» **What the exercise asks**
Write out word for word the lines from the one holding "Dziś odbędzie się" through the end of the data, and only those lines. Pictures stay out.

(Records excerpted from a collection)
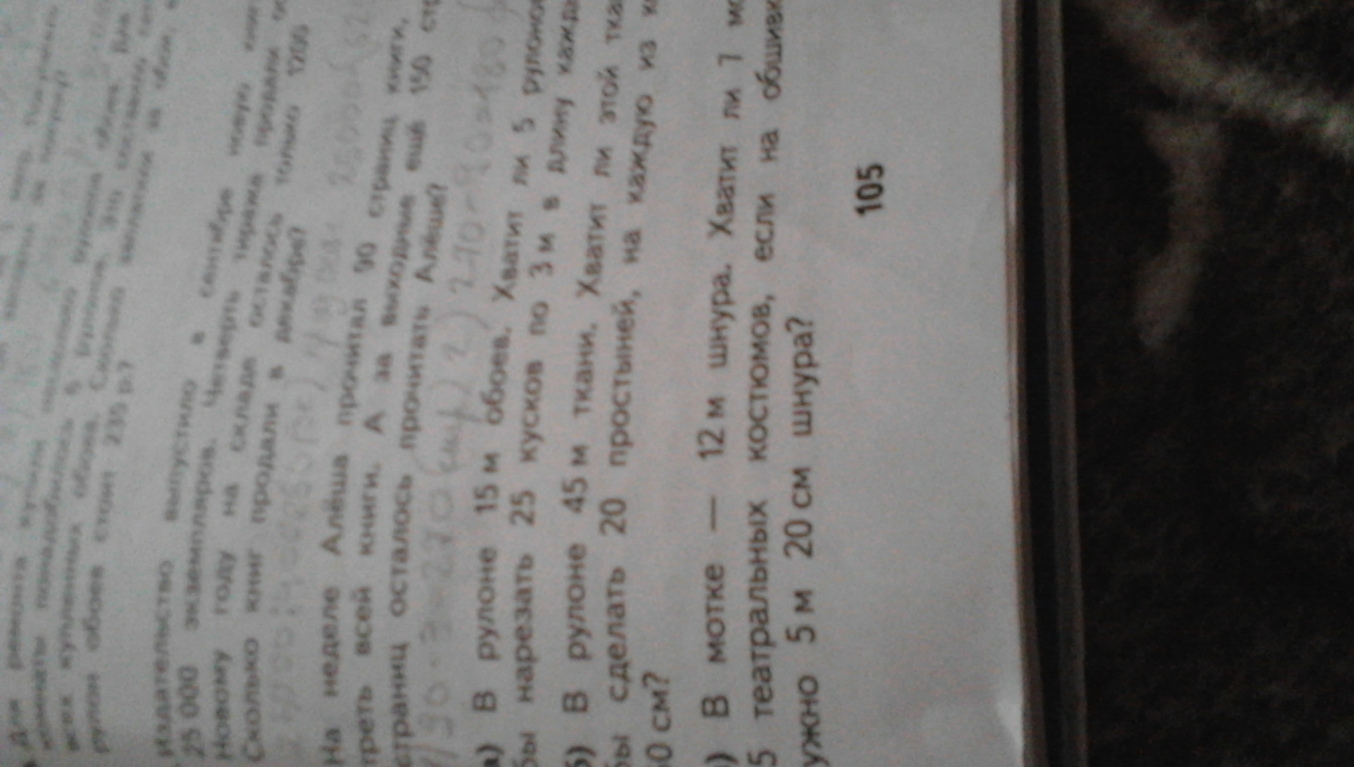 1)15×5=75 2)75:3=25 ответ: хватит 5 кусков рулона чтобы нарезать 25 кусков по 3 м в длину
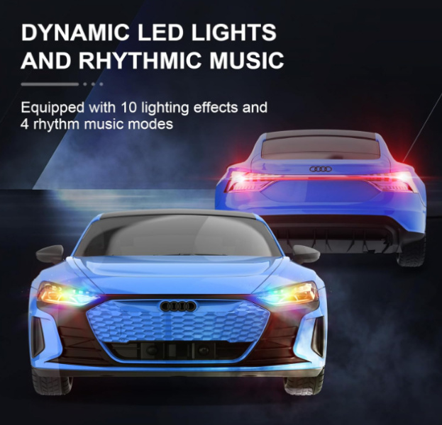 Elektromobil Audi RS na dálkové ovládáníVěrná replika nejmodernějšího elektromobilu na světe Audi RS e-tron GT, v nádherné metalicky modré metalíze, je vyrobená z odolných plastů s hladkými liniemi. Licencované RC auto na dálkové ovládání má nejen autentický vzhled, ale i skvělé jízdní vlastnosti a světelné i zvukové doprovodné funkce, které zajistí, že se od něj děti nedokážou odtrhnout. RC auto pro nejmenší Audi RS kombinuje luxus a zábavu v jednom! Krásná designová kola s gumovými pneumatikami zajišťují skvělou trakci na hladkém povrchu. Elektromobil jezdí plynule, velmi přirozeně rychlostí cca 2 km/h. Ovládání je páčkové, menší, velmi dobře se drží v rukou. Ovládání není nijak složité, bez problémů si s ním poradí i ti nejmenší. Je to skvělý dárek pro děti.RC auto pro dětiE-tron Audi RS je nejen jednoduchý na ovládání, ale také je vybaven LED osvětlením a zvukovým modulem. O takovém autě sní každý malý kluk, ale díky krásnému, modernímu designu nezklame žádnou milovnici aut, proto ho řadíme i do kategorie RC modelů pro holky.RC auto je vybaveno předním i zadním LED osvětlením, přední světla v základním režimu svítí bíle a zadní červeně. Funkční jsou blinkry jak vepředu, tak vzadu spolu s varovnými světly při zpátečce. Blinkry jsou doprovázeny jemným klapavým zvukem a zpátečka typickým varovným signálem. Na dálkovém ovladači je možné zapnout i hudbu, na výběr jsou 4 známé melodie, které vám auto zahraje. Světla doprovází hudbu až 10-ti různými schématy. LED osvětlení není nijak zvlášť intenzivní, ale efektně dokresluje celý RC model. Dětmi velice oblíbený klakson nesmí chybět. Velmi originální je speciální tlačítko na ovladači pro parkovaní. RC auto dokáže samo zacouvat a zaparkovat.Pro rodiče máme dobrou zprávu, všechny zvukové efekty lze vypnout a z RC auta se stane opravdu tichý elektromobil.Originální nabíjeníRC auto je vybaveno integrovaným akumulátorem 3,7 V 1200 mAh, díky kterému si užijete spoustu zábavy po cca 30 minut. Velmi originální je nabíječka, která vypadá jako stojan pro nabíjení elektromobilů. Pomocí kabelu ji zapojíte do USB adaptéru a pomocí druhého do RC auta. Stačí jen otevřít ,,víčko nádrže,, a můžete nabíjet. Navíc je nabíjecí stojan vybaven světelnou signalizací, takže přesně vidíte vývoj nabíjení, které trvá cca 30 minut.Dálkové ovládání funguje na frekvenci 2,4 GHz, takže se vám nebude rušit s dalšími RC modely. Do ovladače potřebujete 2 x AA baterie. Obsah balení: RC auto Audi RS e-tron GT Dálkové ovládání USB nabíječka Integrovaný akumulátor Technické parametry: Konstrukce auta: Silniční Délka auta: 31 Šířka auta: 13.5 Výška auta: 8.8 Auto je vhodné na ven: ano Barva: modrá Auto je vhodné do interiéru: ano Typ motorů v autě: stejnosměrné Rychlost auta: 2 Kapacita akumulátoru v autě: 1200 Napětí akumulátoru v autě: 3.7 Typ nabíječky: USB Výměnný akumulátor v autě: ne Napájení ovladače k autu: 2xAA Doba jízdy auta: 30 Frekvence ovládání RC auta: 2,4Ghz Konstrukce ovladače k autu: Páčkový Plynulá regulace rychlosti: ne Plynulá řízení zatáčení: ne Voděodolnost (stříkající voda): ne Vodotěsnost (potopení): ne
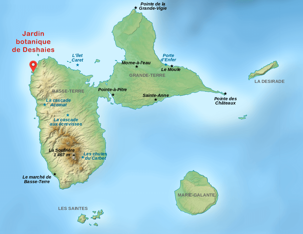 Comme son nom l’indique, le jardin botanique est situé sur la commune de Deshaies qui se trouve sur l’île de Basse-Terre.
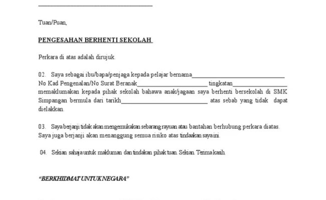 Surat tidak hadir ke sekolah kerana . Contoh surat rasmi berhenti kerja, contoh surat rasmi berhenti sekolah, surat rasmi, surat rasmi pkp, surat rasmi spm, surat rasmi 2018, . Contoh surat rasmi tunjuk sebab kesalahan membuat format . Contoh surat berhenti sekolah tadika from i.pinimg contoh. Surat berhenti contoh contoh surat lamaran kerja via email. Tadika swasta, contoh surat rasmi berhenti sekolah, format surat . Contoh surat berhenti taska picture posted ang uploaded by admin that saved in our collection.
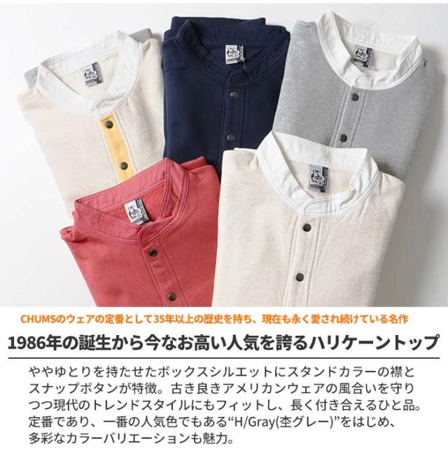 チャムス ハリケーントップ CH00-1414 スウェット トレーナー ヘンリーネック 裏起毛 起毛 長袖 コットン 綿 綿100 メンズ 男性 大人 シンプル カジュアル ブランド アウトドア キャンプ 春 秋 冬 プレゼント CHUMS 父の日
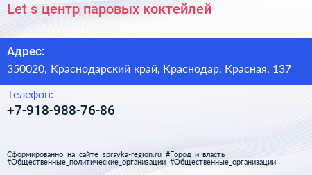 Let`s, центр паровых коктейлей по адресу 350020, Краснодарский край, Краснодар, Красная, 137 в дальнейшем Организация, размещена в следующих категориях:
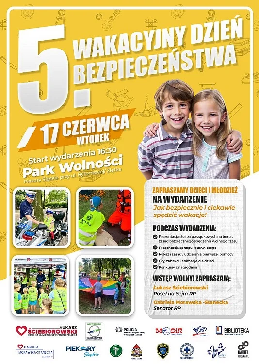 Dziś odbędzie się 5. Wakacyjny Dzień Bezpieczeństwa w Parku Wolności przy ul. Ziętka w Szarleju. Wydarzenie, które rozpocznie się o godzinie 16:30, to doskonała okazja, by w przystępny sposób dowiedzieć się, jak bezpiecznie i ciekawie spędzić wakacje. Wstęp na wydarzenie jest wolny, a program pełen atrakcji!
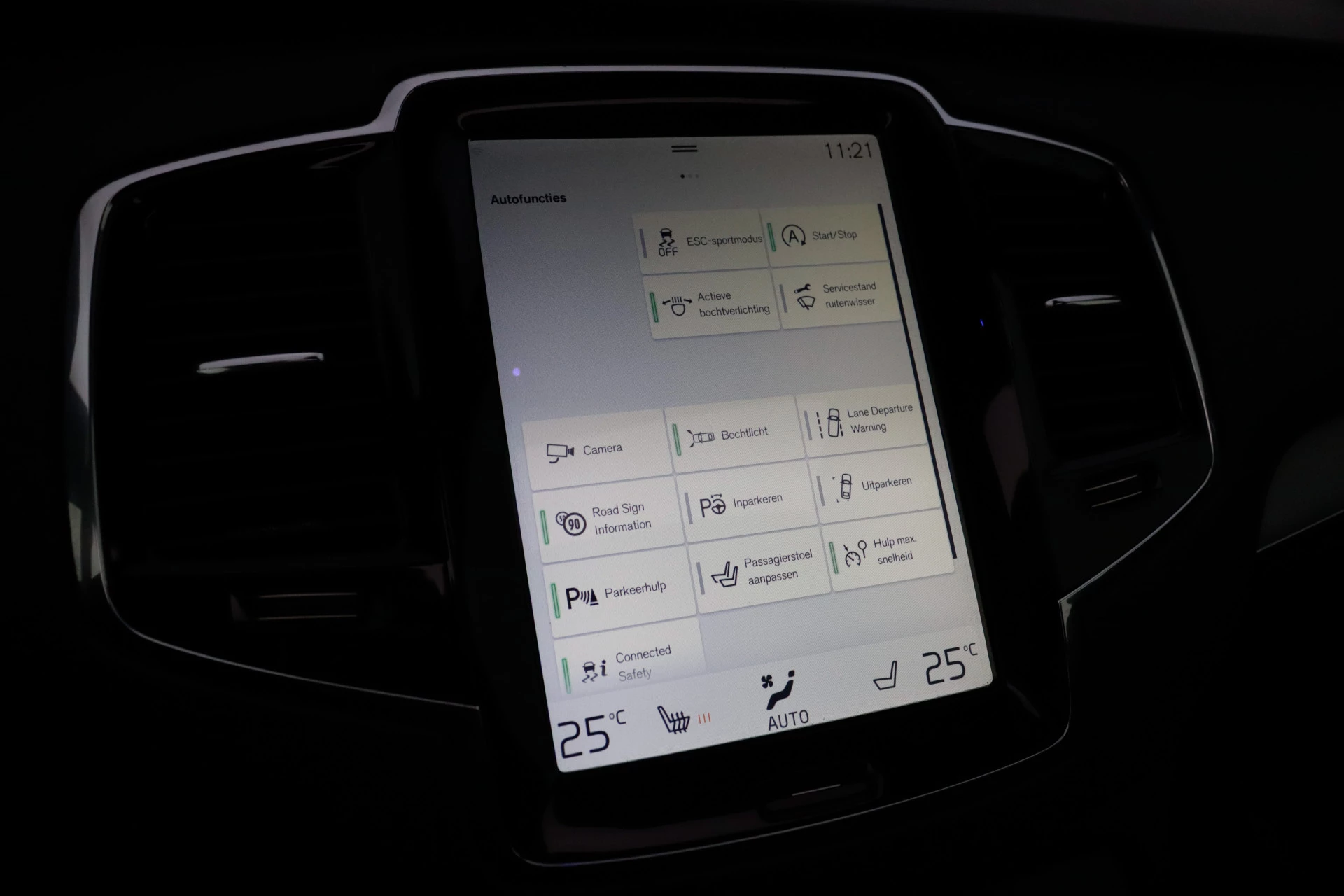 In de Volvo XC90 7p. heeft uw veiligheid en die van uw omgeving prioriteit. Verkeersborddetectie herkent tijdelijke en permanente verkeersborden langs en boven de weg. Het Lane-keeping systeem garandeert dat u zich niet onverhoeds buiten de lijnen van de rijstrook begeeft. Het forward collision warning-systeem is constant alert en detecteert via sensor de afstand tot voorliggers. Wordt die te klein, dan volgt een automatische waarschuwing. In deze Volvo vinden we verder een hill hold functie, brake assist, vermoeidheidsherkenning en bandenspanningcontrolesysteem.
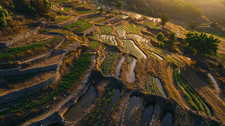 Aerial view of terraced rice fields in mountains with golden sunlight creating contrast on lush green agricultural steps
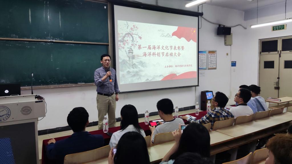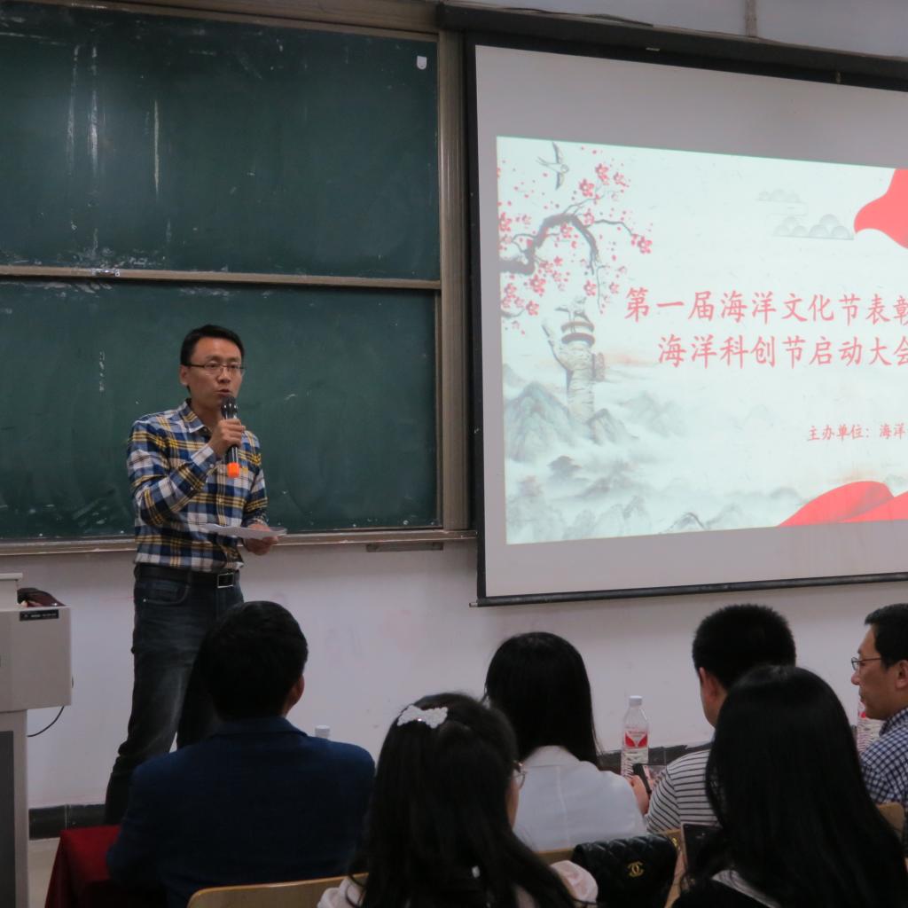 5月19日晚XK星空体育在昌黎校区主教学楼C108举行了海洋文化节表彰暨海洋科创节开幕大会,XK星空体育副院长王青林,学工办主任孙胜显,办公室主任刘升,教师代表,获奖学生代表出席此次大会。
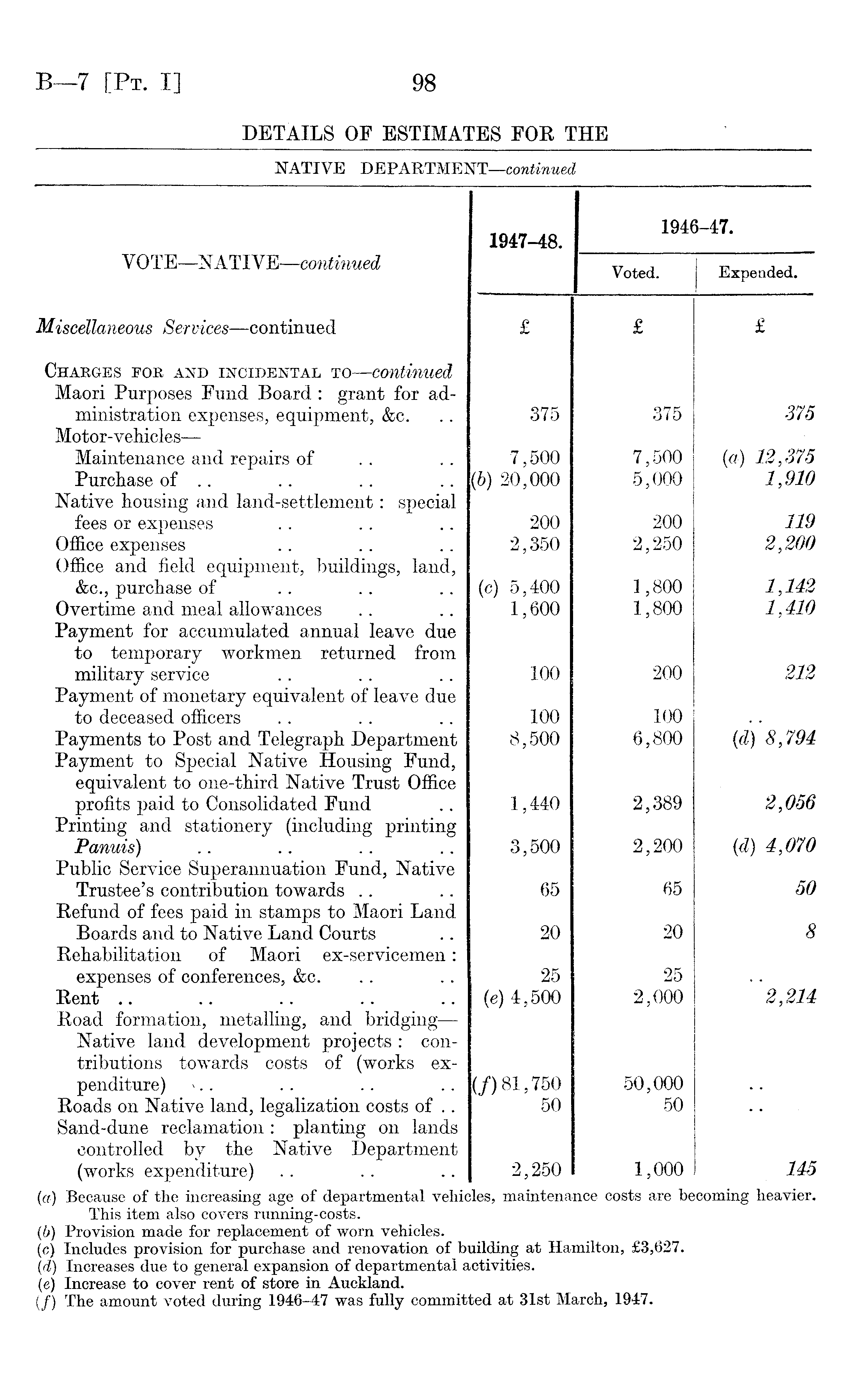 (a) Because of the increasing age of departmental vehicles, maintenance costs are becoming heavier. This item also covers running-costs. (b) Provision made for replacement of worn vehicles. (c) Includes provision for purchase and renovation of building at Hamilton, £3,627. (d) Increases due to general expansion of departmental activities. (e) Increase to cover rent of store in Auckland. (/) The amount voted during 1946-47 was fully committed at 31st March, 1947.
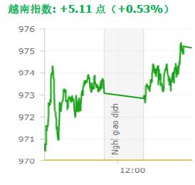 截至收盘,越南指数上涨5.11点,报975.14点,涨幅0.53%,成交1.385亿股,成交总额为3407.84万亿越盾。河内指数下跌0.35点,报105.04点,涨幅0.33%,成交2171万股,成交总额为2675亿越盾。

» **Solution to this task**
 Dziś odbędzie się 5. Wakacyjny Dzień Bezpieczeństwa w Parku Wolności przy ul. Ziętka w Szarleju. Wydarzenie, które rozpocznie się o godzinie 16:30, to doskonała okazja, by w przystępny sposób dowiedzieć się, jak bezpiecznie i ciekawie spędzić wakacje. Wstęp na wydarzenie jest wolny, a program pełen atrakcji!
 In de Volvo XC90 7p. heeft uw veiligheid en die van uw omgeving prioriteit. Verkeersborddetectie herkent tijdelijke en permanente verkeersborden langs en boven de weg. Het Lane-keeping systeem garandeert dat u zich niet onverhoeds buiten de lijnen van de rijstrook begeeft. Het forward collision warning-systeem is constant alert en detecteert via sensor de afstand tot voorliggers. Wordt die te klein, dan volgt een automatische waarschuwing. In deze Volvo vinden we verder een hill hold functie, brake assist, vermoeidheidsherkenning en bandenspanningcontrolesysteem.
 Aerial view of terraced rice fields in mountains with golden sunlight creating contrast on lush green agricultural steps
 5月19日晚XK星空体育在昌黎校区主教学楼C108举行了海洋文化节表彰暨海洋科创节开幕大会,XK星空体育副院长王青林,学工办主任孙胜显,办公室主任刘升,教师代表,获奖学生代表出席此次大会。
 (a) Because of the increasing age of departmental vehicles, maintenance costs are becoming heavier. This item also covers running-costs. (b) Provision made for replacement of worn vehicles. (c) Includes provision for purchase and renovation of building at Hamilton, £3,627. (d) Increases due to general expansion of departmental activities. (e) Increase to cover rent of store in Auckland. (/) The amount voted during 1946-47 was fully committed at 31st March, 1947.
 截至收盘,越南指数上涨5.11点,报975.14点,涨幅0.53%,成交1.385亿股,成交总额为3407.84万亿越盾。河内指数下跌0.35点,报105.04点,涨幅0.33%,成交2171万股,成交总额为2675亿越盾。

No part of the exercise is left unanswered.